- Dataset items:
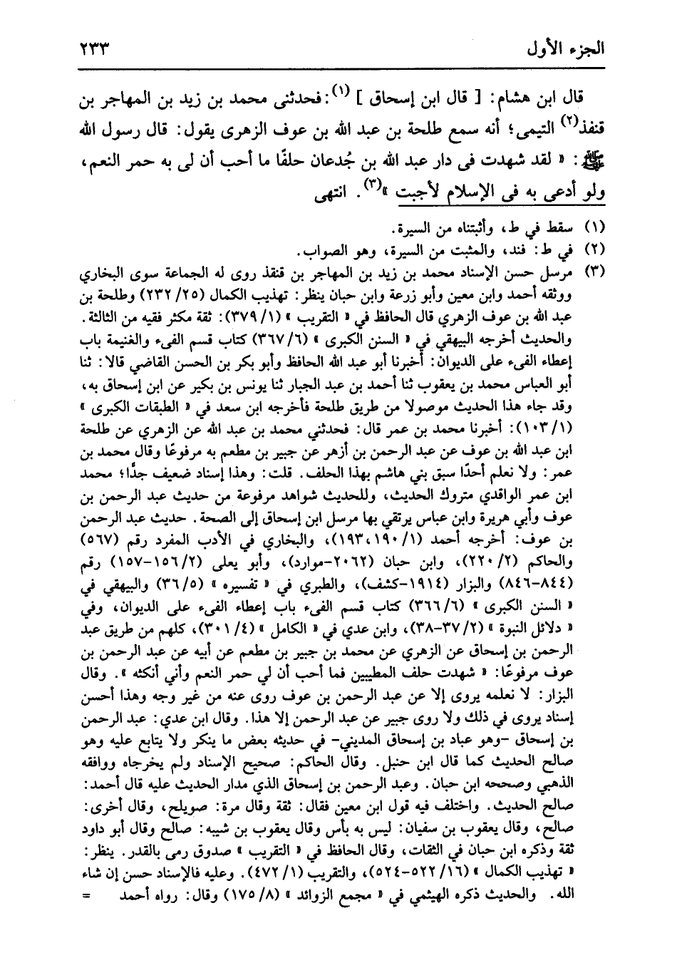 قَالَ ابْن هِشَام قَالَ ابْن إِسْحَاق فَحَدثني مُحَمَّد بن زيد بن المُهَاجر بن قنفذ التَّيْمِيّ أَنه سمع طَلْحَة بن عبد الله بن عَوْف الزُّهْرِيّ يَقُول قَالَ رَسُول الله
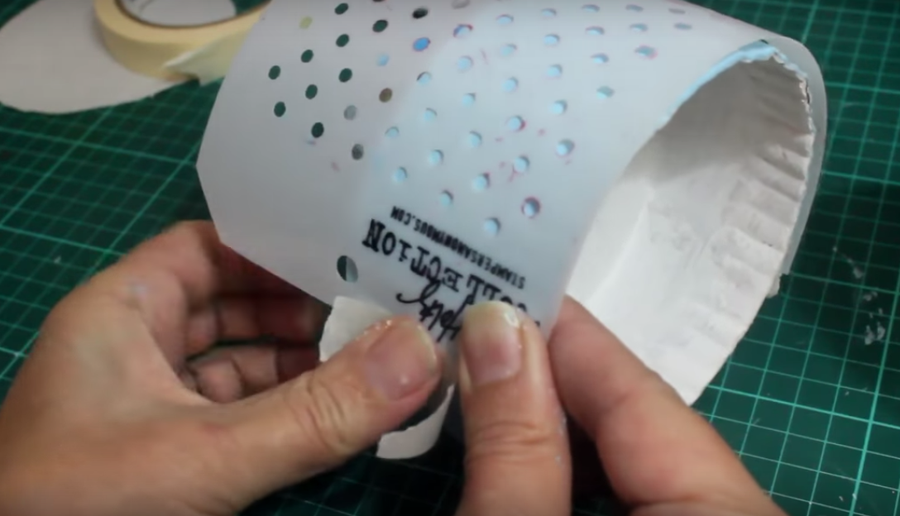 y para decorar la parte inferior de la caja, fijamos un stencil de lunares o topitos con un poco de cinta de papel o de carrocero...(es conveniente pegar y despegar varias veces sobre la mesa el trozo de cinta que vamos a utilizar para restarle adherencia y así evitar que saque la pintura que hemos colocado)
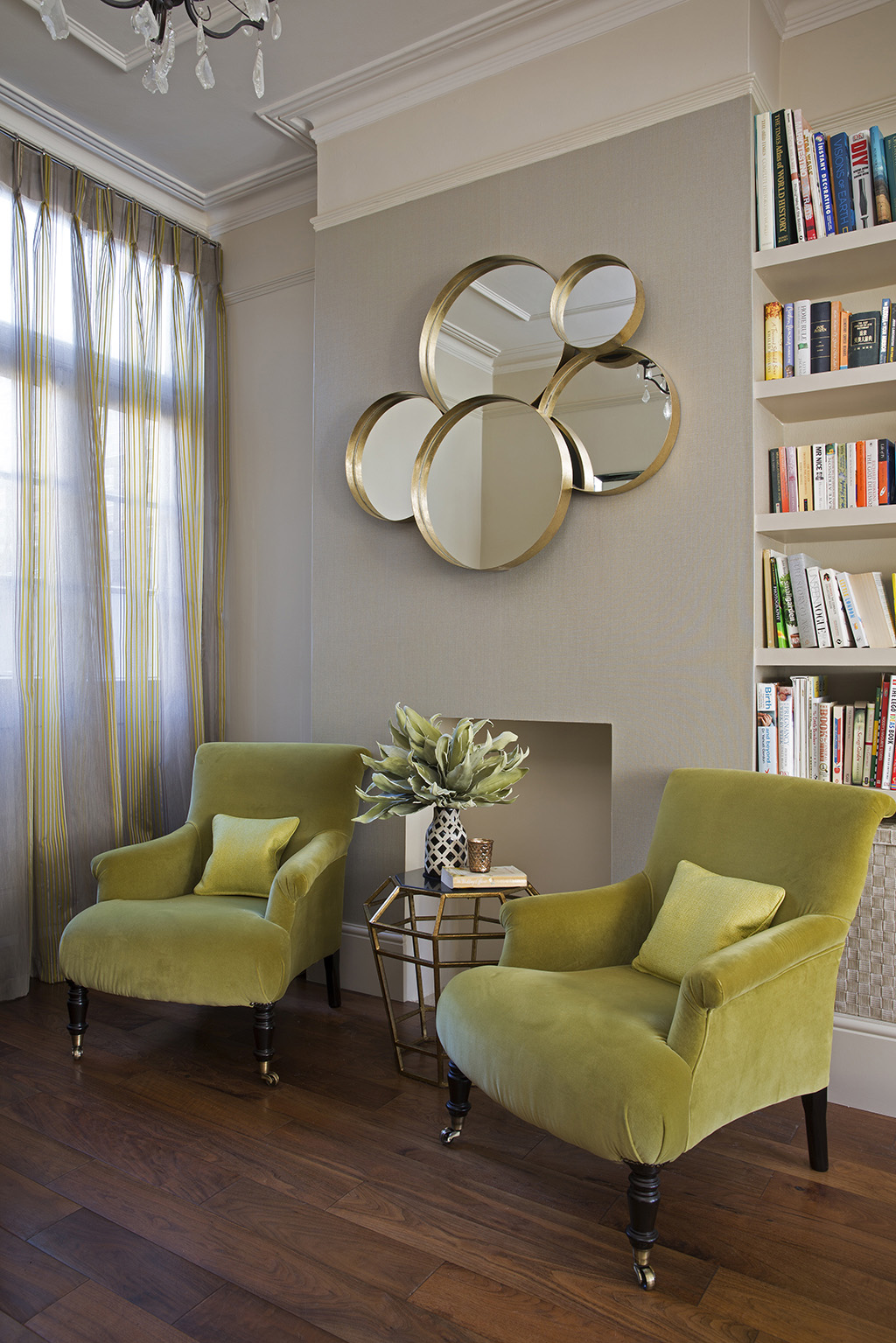 A new piano (not pictured), two gorgeous green velvet armchairs and deep shelves are key features in this client’s tranquil reading/music room
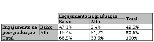 A tabela 2 sintetiza a distribuição do grau de engajamento dos entrevistados tanto para a graduação (valores na coluna), quanto para o engajamento na pós-graduação (valores na linha). A partir desta tabela podemos identificar a representatividade dos quatro grupos. O primeiro reúne 31,2% dos docentes que possuem engajamento “alto” nos dois níveis de docência. Membros desse grupo valoram de forma parecida o trabalho nos dois níveis de atuação.
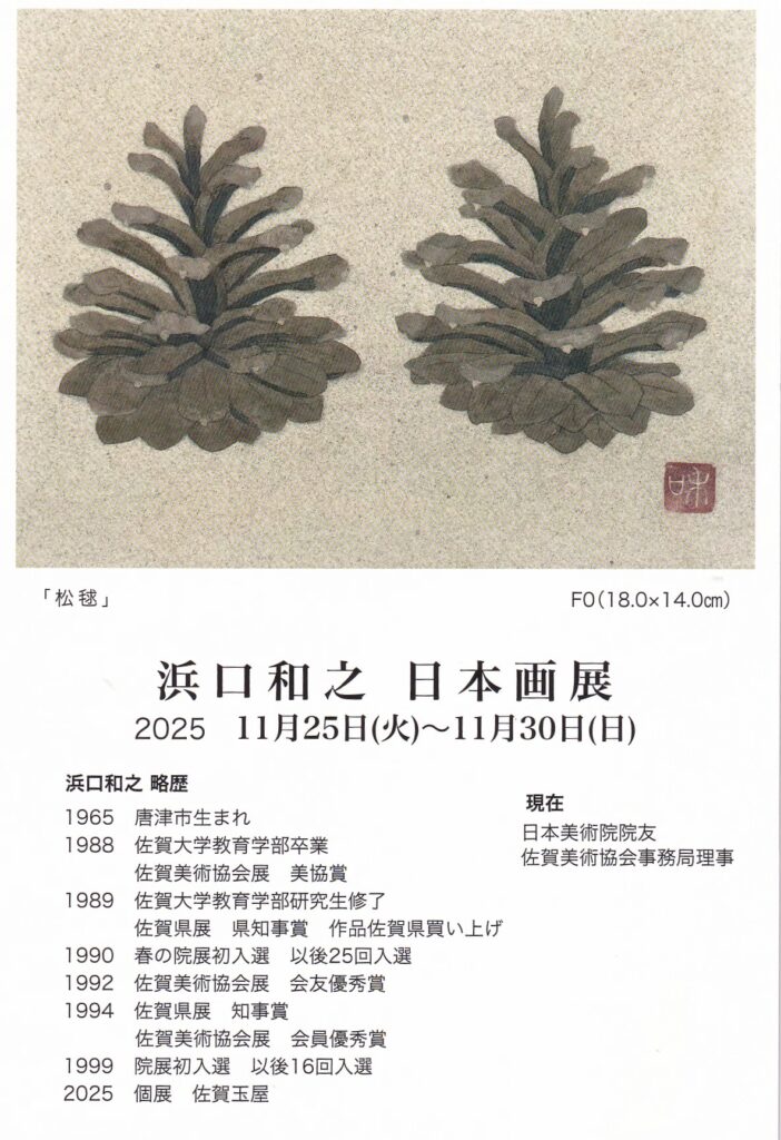 日本美術院院友、佐賀美術協会事務局理事としても活躍する、佐賀市在住の日本画家・浜口和之さんによる、2年ぶりとなる個展です。本展では、草花や風景を題材に約40点を展示。岩絵具や金銀箔など、日本画特有の伝統的な素材を用いながら、その特性を生かした独自の表現に挑んだ意欲作がそろう。自然の息づかいと繊細な技法が調和した世界観を、ぜひ会場で堪能してほしい。

- YOUR GOAL: Before printing anything, remove the pictures; then print all the records exactly.

- ANSWER TO THIS PROBLEM:
 قَالَ ابْن هِشَام قَالَ ابْن إِسْحَاق فَحَدثني مُحَمَّد بن زيد بن المُهَاجر بن قنفذ التَّيْمِيّ أَنه سمع طَلْحَة بن عبد الله بن عَوْف الزُّهْرِيّ يَقُول قَالَ رَسُول الله
 y para decorar la parte inferior de la caja, fijamos un stencil de lunares o topitos con un poco de cinta de papel o de carrocero...(es conveniente pegar y despegar varias veces sobre la mesa el trozo de cinta que vamos a utilizar para restarle adherencia y así evitar que saque la pintura que hemos colocado)
 A new piano (not pictured), two gorgeous green velvet armchairs and deep shelves are key features in this client’s tranquil reading/music room
 A tabela 2 sintetiza a distribuição do grau de engajamento dos entrevistados tanto para a graduação (valores na coluna), quanto para o engajamento na pós-graduação (valores na linha). A partir desta tabela podemos identificar a representatividade dos quatro grupos. O primeiro reúne 31,2% dos docentes que possuem engajamento “alto” nos dois níveis de docência. Membros desse grupo valoram de forma parecida o trabalho nos dois níveis de atuação.
 日本美術院院友、佐賀美術協会事務局理事としても活躍する、佐賀市在住の日本画家・浜口和之さんによる、2年ぶりとなる個展です。本展では、草花や風景を題材に約40点を展示。岩絵具や金銀箔など、日本画特有の伝統的な素材を用いながら、その特性を生かした独自の表現に挑んだ意欲作がそろう。自然の息づかいと繊細な技法が調和した世界観を、ぜひ会場で堪能してほしい。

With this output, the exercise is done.